Man mag sich nicht vorstellen, was eine derartige Leckage in Gebieten mit Trinkwassergewinnung wie in den Kreisen Rotenburg oder Verden anrichten könnte. Es ist überhaupt nicht mehr einzusehen, dass für den prozentual geringen Beitrag zur Gesamtversorgung, den die heimische Förderindustrie leistet, derartige Risiken nicht nur für unser Trinkwasser eingegangen werden. Auch die ungeklärte Häufung von Krebsfällen in bestimmten Gebieten und eine Vielzahl anderer Umweltschäden gehören in diese Betrachtung.
Die Liste der bekannten und bestätigten Störfälle in dieser Industrie wird von Jahr zu Jahr länger – der Fall Emlichheim allerdings ist wohl der vorläufige Tiefpunkt.

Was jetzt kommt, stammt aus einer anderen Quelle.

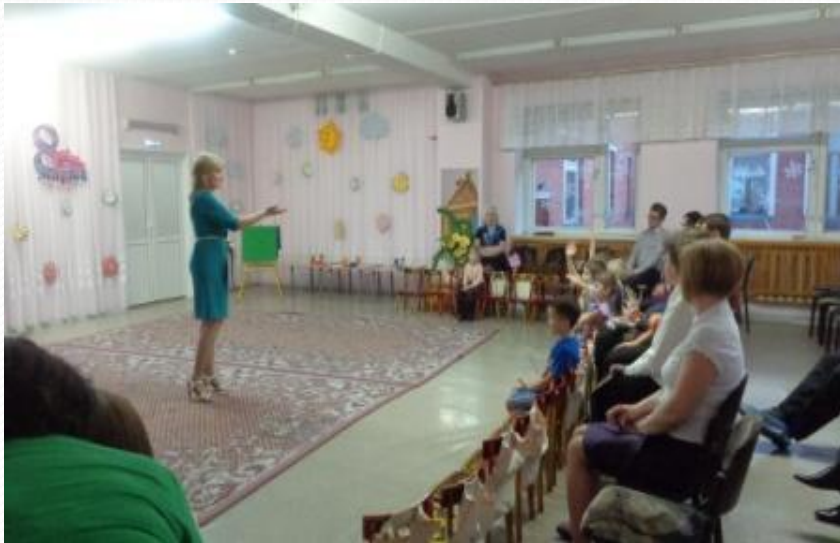
Беседа с детьми о зиме, зимних забавах.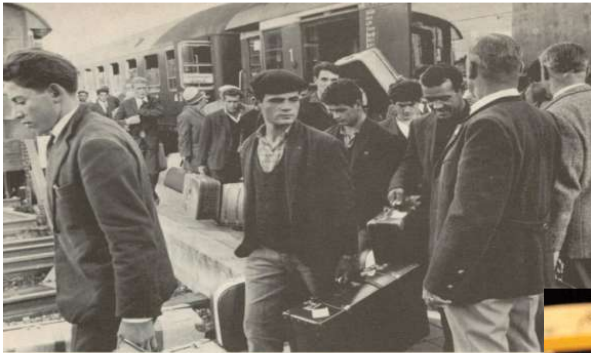
CHI PARTE E CHI RESTA. Ancora una volta si ripete il dramma dell'emigrazione meridionale: alla stazione di Wolfsburg, in Germania, un treno scarica uomini venuti dal Sud in cerca di un lavoro. Davanti ad aprire un futuro reso più difficile dalla solitudine, dall'incomprensione e spesso dal disprezzo razzista, sfruttano la loro fatica.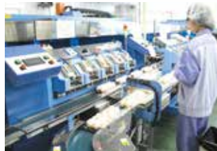
三昌鶏卵株式会社

暮らしに届く物流システムを確保 安全・正確・丁寧な需要と供給の橋渡しをモットーに…三昌物産の各種商品のみならず、暮らしに届く物流の拠点として地域産業に貢献しています。全国規模の運輸業務一切を行いながら、生産と消費を結ぶパイプ役として機能しています。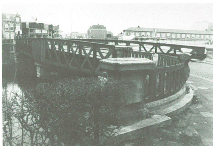
Den Bosch - draaibrug vóór restauratie.

Den Bosch: in Den Bosch is de restauratie begonnen van de Dommelbrug, een ijzeren draaibrug over het riviertje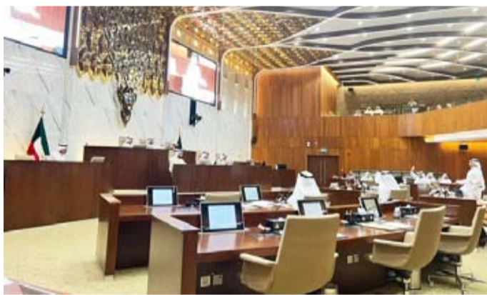
جلسة سابقة للمجلس البلدي

ويتكون المشروع من حديقة عامة تتميز بالأحواش والبراحات والمرافق التي تساهم في إحياء الموقع وتحويله إلى مساحات ذات هدف (مركز تعبير ثقافي)، كما يحتوي المشروع عناصر طبيعية بينها نباتات محلية مستدامة ومساحات مزروعة ومساحات مظلة لتوهية الخارجية بالإضافة إلى مساحات لترفيه الأطفال وإقامة الفعاليات والأنشطة الترفيهية والفنية الجاذبة للأطفال والعائلات.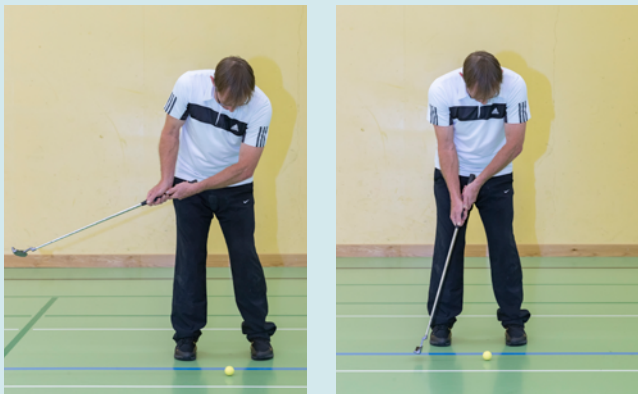
Il movimento a ritroso è troppo ampio e rivolto verso il basso, con conseguente posizione rialzata della testa del bastone sopra il suolo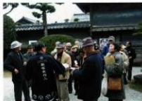
旧伊藤邸を説明する観光案内人

長崎街道飯塚宿（現在の本町商店街）での街あるき解説を行っている。（イベント企画時のみ）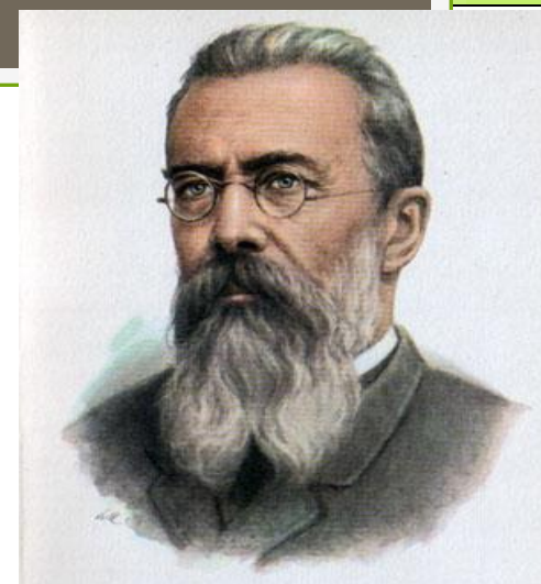
Н. А. Римский-Корсаков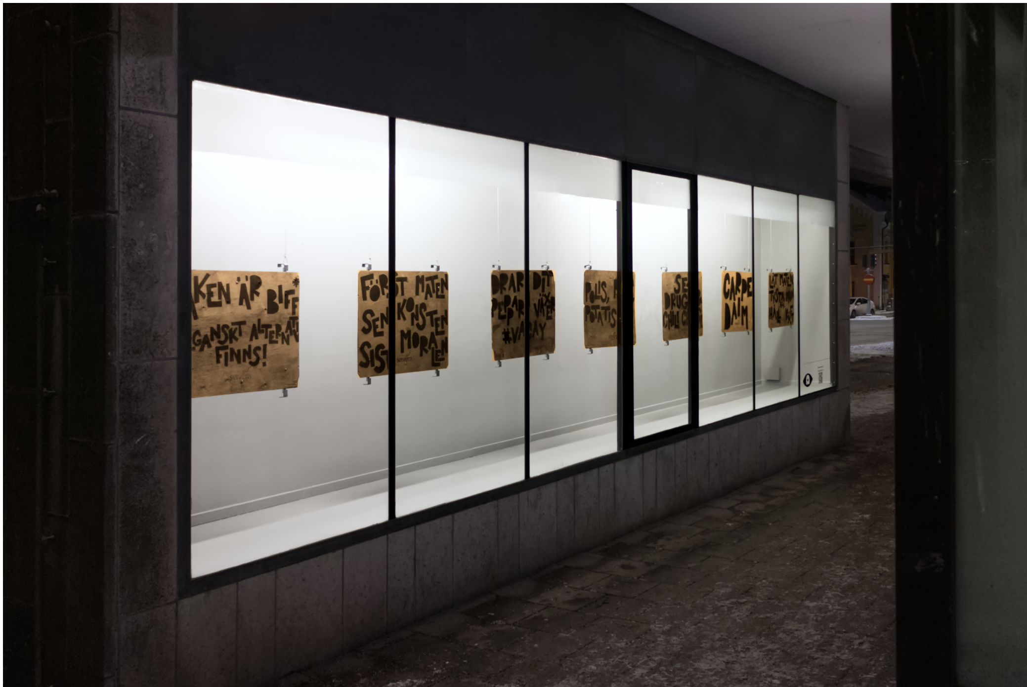
Tedde Twetman, 2025, Servera-serien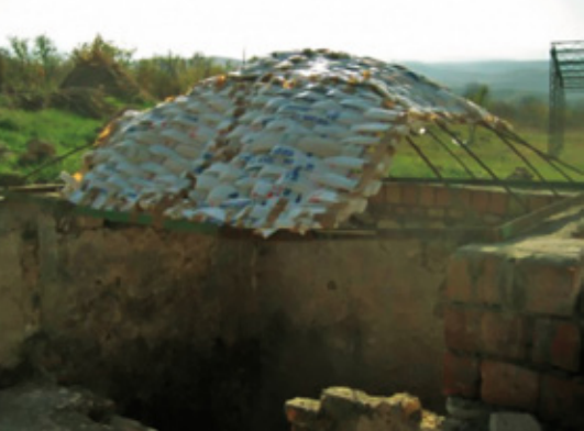
“SOLDIER IN RESIDENCE”, 2009 INSTALLATION, ART VILLA GARIKULA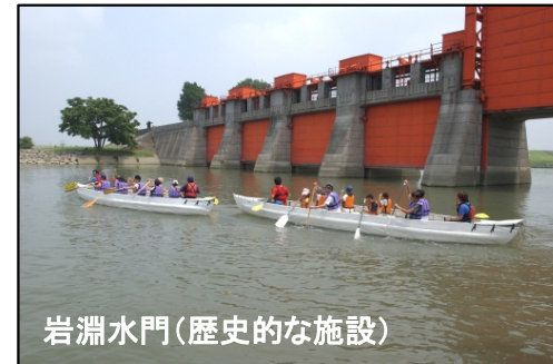
岩淵水門(歴史的な施設)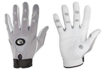
Bionic Tennis Gloves – heren (grijs/wit)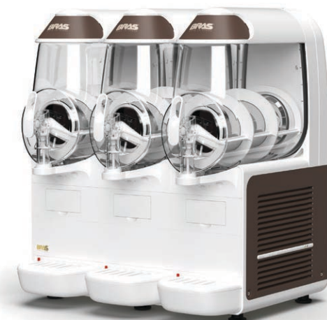
B-frozen Smart 10.3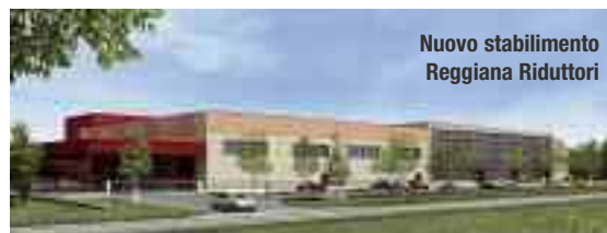
Nuovo stabilimento Reggiana Riduttori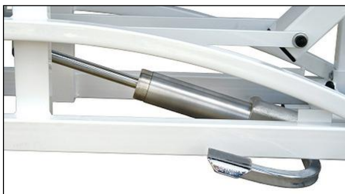
Hydrauliczna regulacja wys.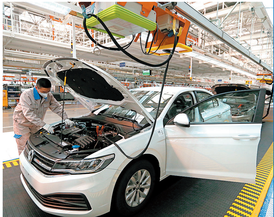
■一汽-大众华东生产基地生产线。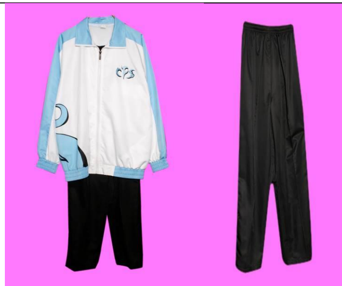
男女生水蜜桃布質長袖運動套裝 (前)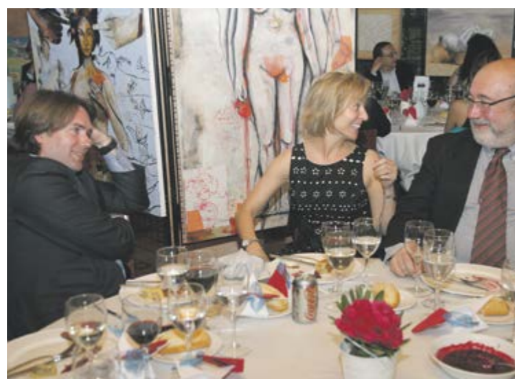
El primer sopar subhasta va tenir lloc a l'Hotel Coma.

La Capsa, espais de creació celebrarà una segona edició de la subhasta benèfica d'art, que enguany tindrà lloc al restaurant Molí dels Fanals, a Sispony. El 50% de la recaptació de les vendes de la subhasta, que es farà el dimecres 10 de juny a les 8 del vespre, es destinarà a l'Escola Especialitzada Nostra Senyora de Meritxell (EENSM), mentre que l'any passat es va atorgar a la Fundació Privada Tutelar. L'esdeveniment, igual que en l'última edició, tindrà un format sopar, a un preu de 50 euros, al qual podrà assistir tothom que ho vulgui, després d'adquirir el tiquet a les oficines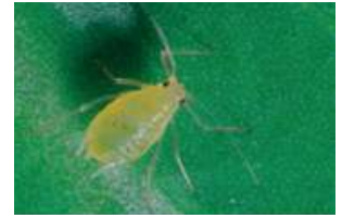
Die grüne Pfirsichblattlaus überträgt das zerstörerische Virus.

In der Zwischenzeit besteht die Gefahr, dass sich das Virus auch in Deutschland weiter verbreitet. Das Monitoring ergab seit dem Verbot der Neonicotinoide einen kontinuierlichen Anstieg der Blattlauspopulationen. Dieses Jahr gibt es bereits verstärkt Hotspots mit Virenbefall auf Feldern vor allem im Südwesten und Westen Deutschlands. Die Wirtschaftliche Vereinigung Zucker hat daher den Antrag gestellt, Neonicotinoide per Notfallzulassung für den Zuckerrübenanbau temporär wieder zuzulassen.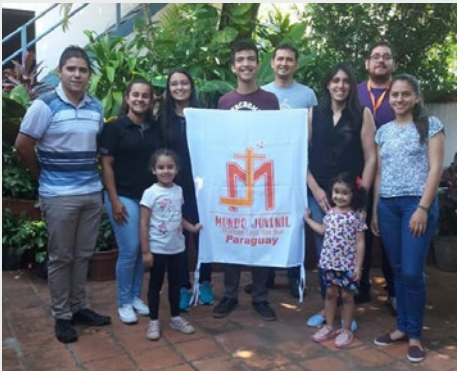
Paraguay: Réunion de référents locaux - Monde de la Jeunesse Mariste - Asunción

Leider wird unseren Forderungen immer wieder entgegengehalten, dass man nicht gleichzeitig aus Kernenergie, Kohle und Gas aussteigen kann. Führende Wissenschafter halten das durchaus für möglich und belegen es durch anerkannte Studien.
Für uns ist aber entscheidend, was in Niedersachsen geschieht. Mit Begriffen wie Brücken- energie und Versorgungssicherheit muss man deshalb in unserem Bundesland nicht hantieren, denn diese Argumente legen nahe, die nationale Energieversorgung sei von der heimischen Förderung abhängig. Das trifft jedoch nicht zu, sondern verstellt den Blick auf das vor Ort Wesentliche: Die Sorge der Bürger um die eigene und mehr noch um die Gesundheit ihrer Kinder.
Auch Ihr immer wieder gezeigter Einsatz für den Erhalt der Arbeitsplätze in der Öl- und Gasindustrie ist zwar sehr anerkennenswert – aber ist es nicht vielmehr so, dass diese Arbeitsplätze mehr durch ein allzu langes Festhalten an einer überkommenen Wirtschaftsweise gefährdet werden? Die Industrie hat gezeigt, dass sie durchaus in der Lage ist, sich auf veränderte Rahmenbedingungen erfolgreich und zukunftsorientiert umzustellen.
Unsere Erwartung an Sie als Wirtschaftsminister ist, dass Sie für diese notwendigen Veränderungen rechtzeitig – also bald – sorgen.